One of the innocuous events to fly past most of us largely unacknowledged in the last few weeks was the ninetieth anniversary of the battle of the Somme. Somewhat inexplicably, there is still one living British veteran from a battle that took place in 1916, Henry Allingham, who at age 110 still attended the memorial service at Thiepval to pay homage to the 20.000 British soldiers who lost their lives on the 1 July 1916, to the hundreds of thousands who would die over the following five months, a generation already lost sunken deeper in the mud of death.

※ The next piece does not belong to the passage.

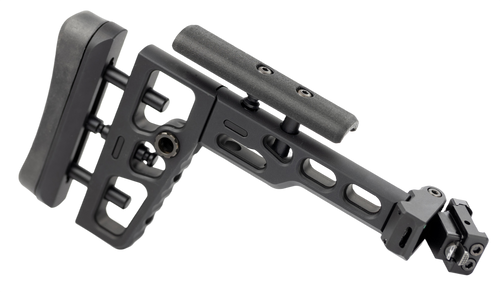 This rear trunnion stock adapter is designed for AK-platform rifles with rear trunnion tangs, enabling the installation of modern folding stocks with Picatinny rail mounting. Constructed from black anodized aluminum, it measures 4.9" in length and provides a secure interface between the rifle receiver and aftermarket stocks.

What is most tragic about the battle of the Somme is not the cruel incompetence of the British high command, who unscrupulously sent at least half of those 20.000 men to their graves but, rather, the fact that a realistic opportunity to stop a senseless war and spare so much suffering –not to mention change the course of the bloodiest of all centuries- was missed by the sort of stupid selfishness commonly referred to as honour. Equally, the hardest thing to come to terms with when looking at World War I, the Great War, is that, although inevitable, it was unnecessary. The power struggle that prompted Europe to self destruction was propelled by an over-zealous obsession to protect and advance national interests at all costs, faster and better than anyone else; the power struggle that prompted Europe to self destruction was guided by a blinding patriotism. However, precisely because of this shared malady –patriotism- it is impossible to distinguish “good” and “evil” elements between the nations involved in World War I. Unlike World War II, the polarisation of the world that prompted World War I hinged on a set of shared interests which each group wanted to monopolise.
By August 1916 the promise of a quick war “to end all wars” had already timed out; the strong German offensive had been stopped and repelled at Verdun; the Western front faced stagnation by the river Somme; the Eastern front saw Romania joining the entente, declaring war on Austria-Hungary; the German coalition, though still hundreds of miles away from home soil, were for the first time on their back foot; most importantly, the patriotic fervour which had fed the machinery of war earlier on had died out through all of Europe. The time was ripe to formulate a mutually satisfying truce to safeguard peace for another 10 or 15 years (no more, surely). It was not to be.
It was not to be because honour would bear nothing short of absolute victory, because the past glory and future esteem of the Empire, of the Kingdom, of the nation were on the line. Henry Allingham would have to witness a lot more death and destruction in his lifetime before he could finally enjoy a meaningful period of peace. But if, in fact, we can truthfully assert that patriotism has become a tool to draw people from different countries, different backgrounds, different cultures together, rather than set them apart, then perhaps –only perhaps- we have learned our lessons –perhaps we have learned our part. Given: football is marginally more trivial than world domination. However, it seems to me that writing history just for the sake of it can be more futile –and ever so much more tragic- than hitting the back of the net with a football.